Yair Klartag is one of four composers commissioned by MATA, this year. His piece There’s no lack of void will be premiered on Wednesday. He kindly took the time to answer our five questions.
The MATA Festival commissions a small number of composers each year, and you were selected as one of the four in 2016. MATA gives exposure to composers whose work doesn’t fit into existing institutions, so what about your work defies categories?
I generally find the idea of categories very problematic in art. So in that regard, I believe that every “good” artwork “defies categories”. One of our challenges is to experience works of art as they are, and not through their classifications; to search for beauty in unexpected places. The decision to write for orchestral instruments, or to write notes on paper is not obvious to me. I use them because of the expressive means that the lineage of this music (classical music) provides, but that has nothing to do with the way I want the music to be heard. I am very excited about the different contexts in which my music will be performed during this year’s MATA Festival; after Wednesday’s concert at National Sawdust with Ensemble Linea, I’ll be presenting a new video piece at Trans-Pecos for MATA FUNHOUSE, where Festival artists and local noisemakers get together to experiment and collaborate in more of a nightlife/DIY context.
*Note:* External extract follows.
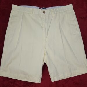 These yellow shorts by Chaps boast a sleek flat front design, ideal for smart casual occasions. Their vibrant color adds a pop of brightness to any outfit, making them a versatile wardrobe staple.

What did you explore in There’s no lack of void?
I tried to recreate the effect of overexposure to music which I often experience. We are exposed to such an overwhelming amount of sonic experiences that it becomes hard to create a meaningful one. In my piece, there is an abundance of musical events and materials; I strip them of their significance and turn them into a sort of musical waste. That’s why I chose this There’s no lack of void as the title, which is a line from Samuel Beckett’s “Waiting for Godot”. It seems appropriate to me to use this quote of Beckett, whose writing Adorno describes as one in which “the poetic process declares itself to be a process of wastage”. In this flux of events and musical wastage, I was hoping to find moments of authentic, honest expression that are also neither self-aware nor self-referential.
Your chamber music has been performed by ensembles like JACK, MiVOS, and now Ensemble Linea premieres your work There’s no lack of void. What intrigues you about this form?
I am very grateful for the opportunity to work with Ensemble Linea. I just got back from the first rehearsal with them, and they have the unique combination of great musicianship and very open minds. I have written several pieces for strings in recent years, and I feel very close to the sound and visible geometric technique of string instruments. In There’s no lack of void, the addition of the body of the piano and the raw power of the trombone allowed me to further extend the sound world that I developed in my strings pieces to new dimensions.
Composition has taken you through Israel and Germany, and now you’re a doctoral candidate for composition at Columbia University in New York. How do your earliest musical influences interact with your current ones?
I feel very lucky with my early musical education. I had wonderful composition teacher in high school, back in Israel. He would give us weekly composition assignments that were extremely abstract and creative. These very early works are very dear to me, because I had no musical technical knowledge nor understanding of the new music world. They still act as a compass, guiding me back towards my original attraction to making art with sounds. I often encounter musical pedagogy that forces students to first write Renaissance polyphony, then a baroque fugue, then a classical sonata, and only after one has “mastered” all these skills, one can start doing “contemporary music”, where one is expected to rebel against everything one has learned. I find this methodology very reductionist in regard to the artistic aspirations of composers. These initial creative impulses were helpful in connecting my composition to innate creative urges, rather than just to the traditional progression of academic thinking.
Your work won prizes in France, Spain, South Korea, China, Israel, and Japan. This MATA commission exposes a broader American audience to your work. What dialogue do you hope your work inspires?
Although the musical institutions and establishment are very different in all of these countries, I always find the dialogue very similar. The moments I value the most in art are encounters with materials and structures that resonate with something in the artist’s internal world, and the rare cases where I find beauty in them. Finding aesthetic value in these personal, and sometimes dark places is a very humanistic experience for me, and I hope my audiences feel the same.